RuntimeError: CUDA out of memory. Tried to allocate 6.95 GiB (GPU 0; 14.76 GiB total capacity; 9.42 GiB already allocated; 2.78 GiB free; 10.66 GiB reserved in total by PyTorch) If reserved memory is >> allocated memory try setting max_split_size_mb to avoid fragmentation. See documentation for Memory Management and PYTORCH_CUDA_ALLOC_CONF

so how to use my all 4 GPUs?,(I hope not change the image size)

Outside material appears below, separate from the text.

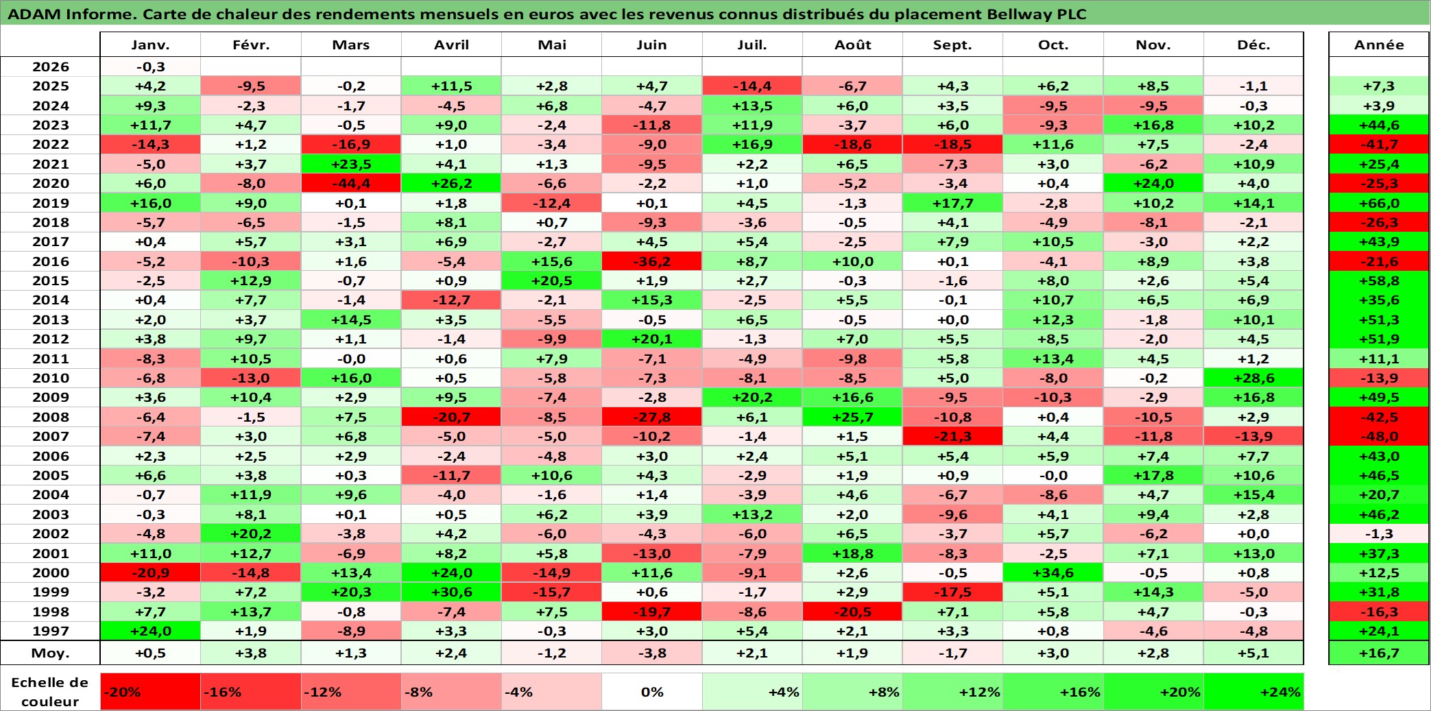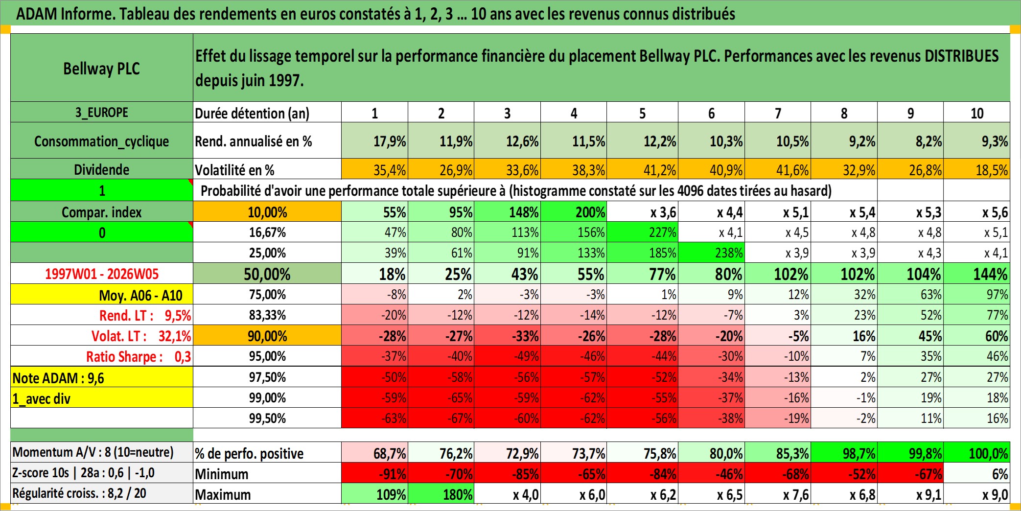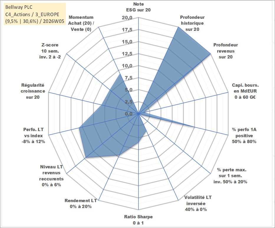 Site dédié aux investisseursPage dédiée sur site financeAnalyse des valorisations hebdomadaires de l'action Bellway PLC. Cet actif est cote en GBX. Les valorisations sont en contrevaleur EURO et couvrent les semaines 1997W01 a 2026W05. Les revenus de cet actif financier sont pris en compte depuis la semaine 1997W23. La note ESG de cet actif n'est pas connue.

Originally posted by @wangdi9 in https://github.com/hitachinsk/FGT/issues/23#issuecomment-1366292013

hitachinsk commented 1 year ago

Currently, we don't implement the inference processing on multiple GPUs, maybe I will implement this function in the future. If you want to run the inference codes on the videos with large resolution. I provided some suggestions in #23. The keypoint is that you should reduce the frame number in the attention process. Such operation makes FGT feasible to process videos with larger resolution but the performance will degrade.

Btw, I recommend our another video inpainting project ISVI. This video inpainting algorithm could process videos with larger resolution (up to 4K).

wangdi9 commented 1 year ago

Thank for your kind and quick help! solved a big puzzle for me.I understand. Thanks again!